Oh, scripteur, car il écrit à la main, reprend Marco Valdo M.I. Oui, on écrivait à la main, sur une feuille de papier. D’ailleurs, en prison, on n’avait pas le choix. Donc, les préoccupations du scripteur. Il y a d’abord une histoire d’avocat de Rome, dont Carlo Levi prétend qu’il est inutile. Cependant, j’y vois autre chose. Le scripteur (appelons-le ainsi) est en prison à Turin et il y a assez d’avocats sur place sans devoir recourir à un avocat venu de Rome. Pourquoi cet avocat de Rome ? En fait, le Tribunal spécial pour la Défense de l’État, que les fascistes ont créé dès 1926 principalement pour juger les opposants politiques, se trouve à Rome et un avocat spécialisé dans les affaires politiques – ce type d’affaires politiques – doit tenir son cabinet près du Tribunal, c’est-à-dire forcément à Rome, et son intervention ne serait pas inutile. Si un tel avocat intervient, on peut se demander (et la police politique autant que nous) qui a conseillé, choisi cet avocat ? La police se demanderait aussi pour qui est-il déjà intervenu – qui, au pluriel ? On peut penser qu’il y a derrière cet avocat tout un monde – en l’occurrence, Justice et Liberté, le mouvement clandestin dont Levi fait partie et dont la police soupçonne qu’il en est un des militants. Alors, on peut penser que c’est précisément pour écarter ce raisonnement que Carlo Levi dit qu’il n’en a pas besoin. Sous-entendu : je suis innocent, qu’irais-je faire devant le Tribunal Spécial ? Qu’ai-je donc à faire d’un avocat de Rome ?

Évidemment, dit Lucien l’âne, il maintient sa ligne de défense – son innocence d’artiste, pour lui-même et pour les autres dont il sait qu’ils sont poursuivis comme lui. Il a raison de penser que si après quelques semaines de prison, on déplace un tel avocat – à l’autre bout du pays, pur un prisonnier sans histoire, c’est suspect. C’est donner au prisonnier une importance qu’il prétend ne pas avoir.

Ah, Lucien l’âne mon ami, tu dis mieux que moi ce que je voulais dire. Pour le reste, la chanson-lettre se consacre à des choses plus terre-à-terre, des préoccupations plus communes, des soucis d’un homme ordinaire et des inquiétudes de peintre, recréant ainsi une image de banalité : besoin d’argent, payer le loyer, vendre ses toiles, aller se promener au grand air. Il raconte aussi que sa mémoire est une passoire… La mienne aussi est pleine de trous ; je cherche tout le temps des noms, des mots, des titres que je suis sûr de connaître ; souvent, je les ai sur le bout de la langue, mais ils ne viennent pas sur le moment ; un peu plus tard, je les retrouve. En somme, il me suffit de chercher pour ne pas trouver.

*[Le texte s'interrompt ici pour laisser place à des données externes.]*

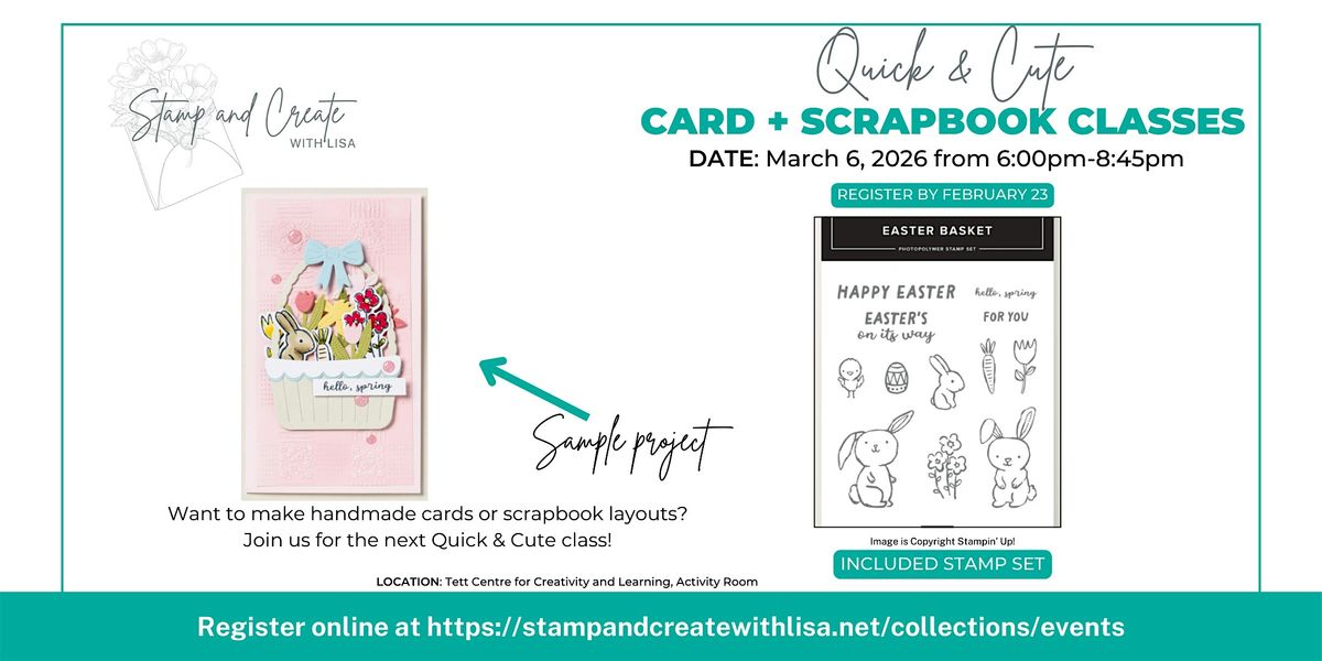 Want to make handmade greeting cards or scrapbook layouts? Come join me for the next Quick & Cute Classes at Tett Creativity Centre in Kingston on Friday, March 6, 2026, from 6:00-8:45pm. Class will be held in the Activity Room #108.

Nous les ânes, on a une bonne mémoire, une mémoire d’âne, précisément – faut dire qu’on ne peut pas écrire, ni lire. Mais, Marco Valdo M.I. mon ami, pour ce qui est de ces préoccupations, ces inquiétudes, ces réflexions, elles ne sont pas si banales, ni sans intérêt ; elles sont l’écume de la vie, qui vient, qui va, vague après vague, grain de sable après grain de sable poussés sur la plage. Mais, cela dit, on s’attarde, il nous faut conclure et tisser le linceul de ce vieux monde acultivé, décevant, oppressant et cacochyme.

Heureusement !

Ainsi Parlaient Marco Valdo M.I. et Lucien Lane
J’ai reçu une lettre
D’un avocat de Rome
Pour me défendre.
Il veut faire le voyage,
Mais c’est inutile.

Merci pour les livres et les grammaires.
Ici, on dit maintenant que je suis cultivé,
Mais, en vérité, je serais recalé
Aux plus simples examens universitaires.
J’ai une mémoire déficitaire.

J’oublie les titres des livres
Et le nom de l’auteur,
Et celui de l’éditeur,
Même des livres connus,
Même des livres que j’ai lus.

Si finalement, on n’expose pas
À la Biennale, mes tableaux –
Je me demande d’ailleurs pourquoi,
Moi, je les trouve beaux !
Qu’on me rende vite mes tableaux.

D’abord, je tiens à mes peintures.
Ensuite, il me faut vendre,
Même ici, on a besoin d’argent
Et de payer le loyer de l’appartement.
Oui, il faut vendre des peintures.

Et puis, voici le joli mois de mai
Avec le vent froid et le ciel gris
À regarder tomber la pluie,
Il me vient une grande envie
D’air pur, de promenades et de forêts.